- The problem
Print only the lines running from the line with "Re: Operación Jaula: desaparecidos" to the final line below, both included, exactly as written and without the pictures.

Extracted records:
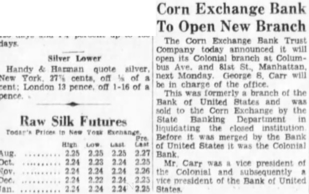 The Corn Exchange Bank Trust Company today announced will open its Colonial branch Columbus Ave. 81st St., Manhattan next Monday George 8. Carr will be in charge of the office This was formerly branch of the Bank of United States was sold to Corn Exchange by the Raw Silk Futures State Banking Department in liquidating the closed institution Prices York Exchange Before merged by the Bank High Last of United States it was the Colonial 2.25 2.25 2.25 2.27 Mr Carr was vice president of the Colonial and 2.24 vice president of the Bank of United 2.24 2.24 2.24 2.25 States
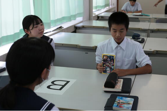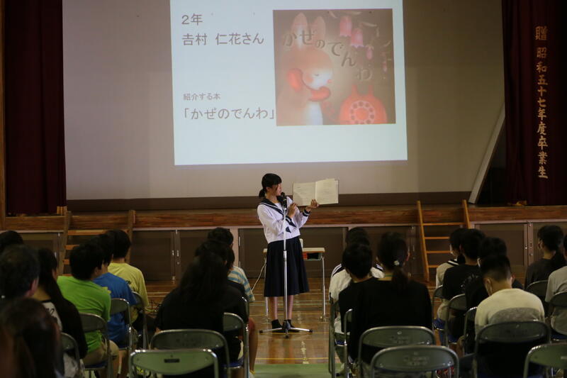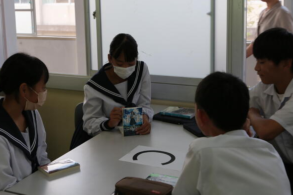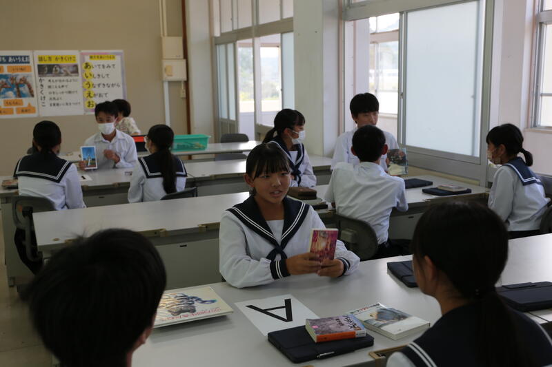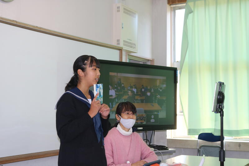 チャンプ本の選出はしなかったのでビブリオ紹介という形でしたが、本校のチャンプ本2冊と榎原中の2冊合計4冊、4名の代表によるお薦め本の紹介がありました。オンラインで画面上の交流でしたが、さすが学校代表、本の紹介が大変上手でした。互いの学校の雰囲気も感じ取ることができました。紹介後の討議や振り返りでいろいろな意見や感想が出されました。学校図書司書の多田先生、ICT支援員の先生、榎原中学校の先生方など、多くの皆様のお支えに感謝します。
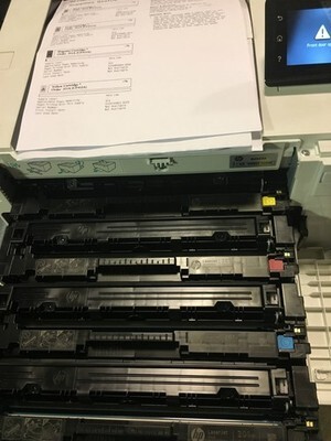 A set of 4 toners (CYMK) are nearly full, but not guaranteed after shipping
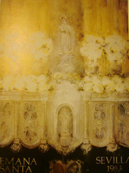 Queridos "pofesionales" de la información ( porque cobran a final de mes ) en 1983 el cartel oficial de Ayuntamiento ( que no del Consejo de HH y CC,), que anunciaba oficialmente nuestra Semana Santa ( que insisto anunciaban por separado nuestras Fiestas Primaverales ) lo pintó la laureada pintora sevillana Carmen Laffón ( no es por nada pero esto si que es un cartel ), representando la delantera del pasopalio de La Candelaria .- Pero es que voy mas allá ,esta impresionante obra , repito que fue el primer cartel oficial de nuestras Fiestas Mayores pintado por primera vez por una mujer, esta colgado en el Senado de España. representado a Sevilla .- Cierto periodista norteamericano tuvo la escatológica frase pero no por ello menso cierta de que "para cagar primero hay que comer" o lo que es lo mismo, oigan documentense un poquito, pues esto pertenece a una historia no muy lejana de nuestra cartelografia de Fiestas Mayores y para colmo de un cartel que fue un hito y esta en el palmares de reconocida obra de arte , realizado por PRIMERA vez por una pintora sevillana .- |
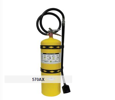 Designed for use on combustible metal fires, this dry powder unit is fitted with a “soft-flow” extension applicator. This "tip" keeps the operator away from extreme heat and toxic fumes caused by burning material. Unit comes with a special corrosion-resistant yellow (Class D) color-coded paint finish too. FM approved.
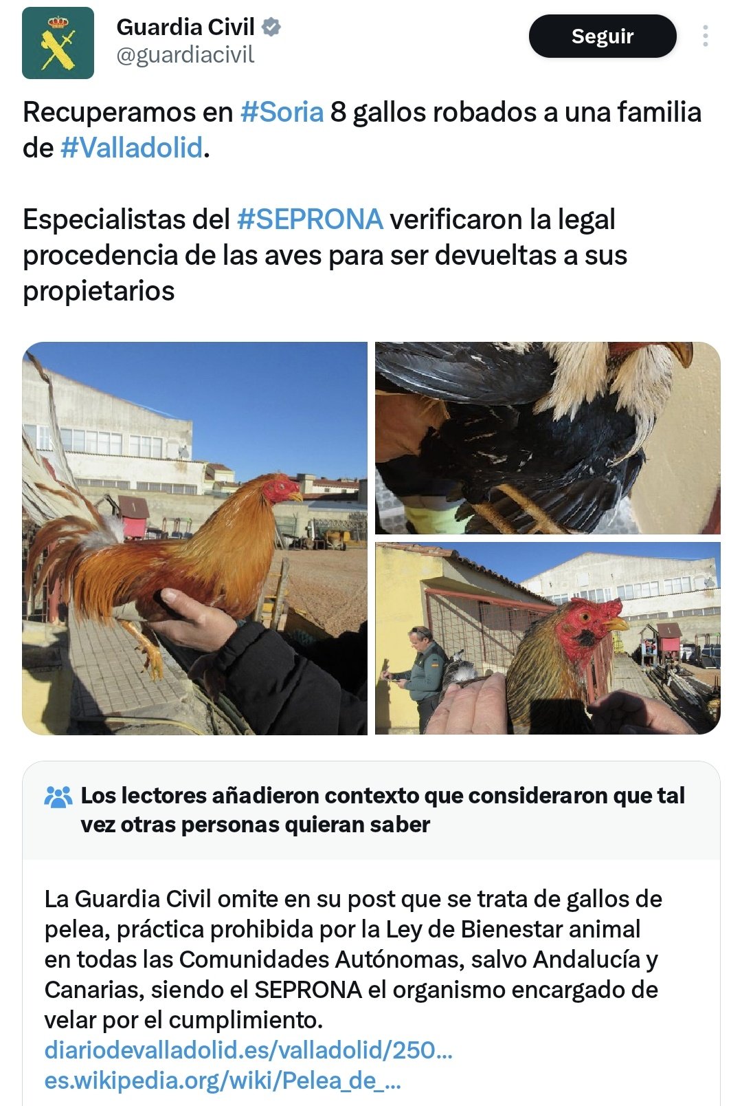 Re: Operación Jaula: desaparecidos unos gallos de pelea en Valladolid, España
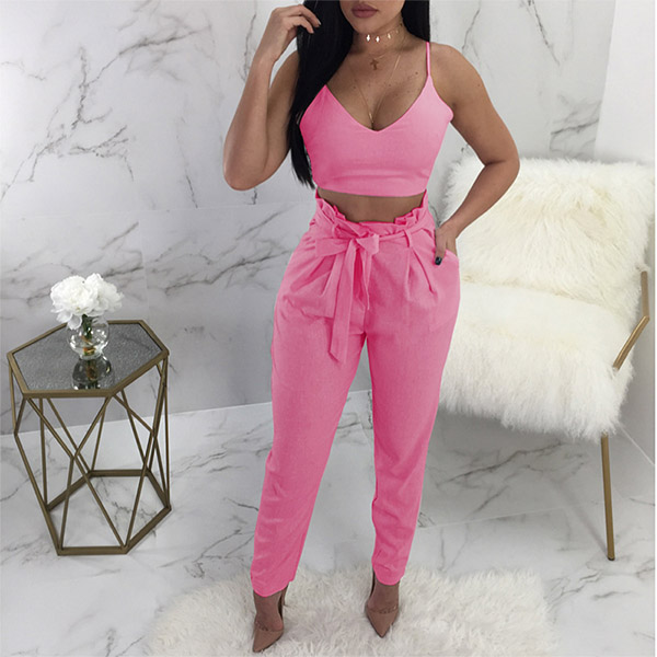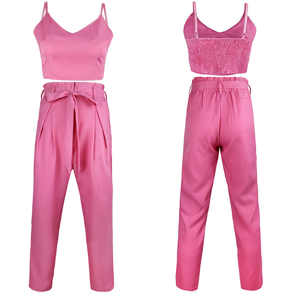 Comes with a sweet pink tone,including a backless v-neck sling crop top and a high waist pants,this two-piece
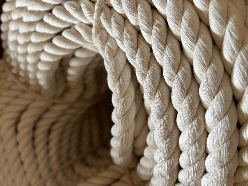 2) Supersoft natural string and rope in 3 mm, 5 mm, 9 mm, 12 mm and 25 mm single twist string; and 3 mm, 4 mm, 5 mm, 15 mm and 30 mm twisted rope. Our Supersoft natural cotton consists of slightly finer individual threads making this our softest macrame string and rope available.

- Response
 Re: Operación Jaula: desaparecidos unos gallos de pelea en Valladolid, España
 Comes with a sweet pink tone,including a backless v-neck sling crop top and a high waist pants,this two-piece
 2) Supersoft natural string and rope in 3 mm, 5 mm, 9 mm, 12 mm and 25 mm single twist string; and 3 mm, 4 mm, 5 mm, 15 mm and 30 mm twisted rope. Our Supersoft natural cotton consists of slightly finer individual threads making this our softest macrame string and rope available.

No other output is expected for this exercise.